Sibling Rivalry and the Mentally Ill Child
“Mom always liked you best!”
Tommy Smothers made the lament famous; every sibling has likely heard it. But for those with mentally ill siblings—could there be some truth to it?
Bob was supposed to be an only child. I was 29 when he was born, and didn’t foresee anyone taking on both of us within my remaining fertile years. Even after marrying my husband, I was adamant—Bob, with bipolar disorder and ADHD, demanded so much of our time, money and attention, there couldn’t possibly be room for another.
Of course, “life happens when you’re making other plans,” and “Two” was born when Bob was five. I always heard “the second is the opposite of the first,” and my boys are no exception. As difficult as Bob has been, Two has been a dream.
We worried about a second child. Our house is often tumultuous—when manic, Bob’s tantrums can escalate to requiring physical restraint; when depressed, his irritability often leads to anger. Were we wrong to willingly subject Two to that? If things spiraled out of control during Bob’s teen years, would I be willing to sacrifice one child for the sake of the other? The question that continued to surface was: Is it fair?

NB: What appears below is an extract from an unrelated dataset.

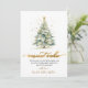 Elegant Modern Calligraphy Warmest Wishes Script Christmas Tree Non Photo Christmas Cards. This festive simple Holiday cards features a watercolor christmas tree with decoration gold balls and confetti and a „Warmest Wishes” greeting text which is written in a nice hand lettered font type in gold and white. On the reverse side golden glitter snow or sparkling gold confetti on dusty green background. This festive Custom Personalized Cards are a great way to remind loved ones that you're thinking of them this Winter Holiday Season.

Indeed, Two won’t have it easy. I recently read this article about the impact of mental illness on well siblings and felt as terrible for Two as I often feel for Bob. Would he end up with his own psychological problems as the product of a crazy house? Would he feel pressured to be the perfect child so as not to further burden his already-overwhelmed parents?
Challenge of Liking A Child Who Is Difficult
Conversely, what about Bob? Where Two, with his happy-go-lucky demeanor and pleasant nature is easy to love, Bob is not. I love Bob, but it’s often very difficult to like him. I try to be conscious of this and not show any favoritism toward either child, but I always worry I might subconsciously do so despite my efforts. A recent episode of the popular t.v. series, Intervention, chronicled a “difficult” firstborn who turned to drug use following the birth of his siblings, noting how happy their mother was to have “normal children.” I watched in horror—was I that mother? Would Bob wind up a heroin addict because I loved his normal brother more?
Still, watching my boys together melts my heart. Yes, Bob has been (for the most part) stable for the better part of Two’s life, and Two is still too young to know much, but it’s unbelievable how completely taken they are with one another. I’m sure it’s probably a tall order, but I hope that carries over to their future years.
Of course I’ll continue to worry—it’s my nature as a parent. But I think my being aware of the possibilities puts them at an advantage. I’m sure I’ll make mistakes, but hopefully none so terrible as to be permanently damaging to either boy. Because I don’t love either of them best—I love them both best.
APA Reference
McClanahan, A.
(2010, September 2). Sibling Rivalry and the Mentally Ill Child, HealthyPlace. Retrieved
on 2024, November 15 from https://www.healthyplace.com/blogs/parentingchildwithmentalillness/2010/09/sibling-rivalry-and-the-mentally-ill-child
Author: Angela McClanahan
Hi Angela,
I wrote another comment, but this topic really hit home. My 13 year old son, Christopher is quite mentally ill as I wrote in the other comment.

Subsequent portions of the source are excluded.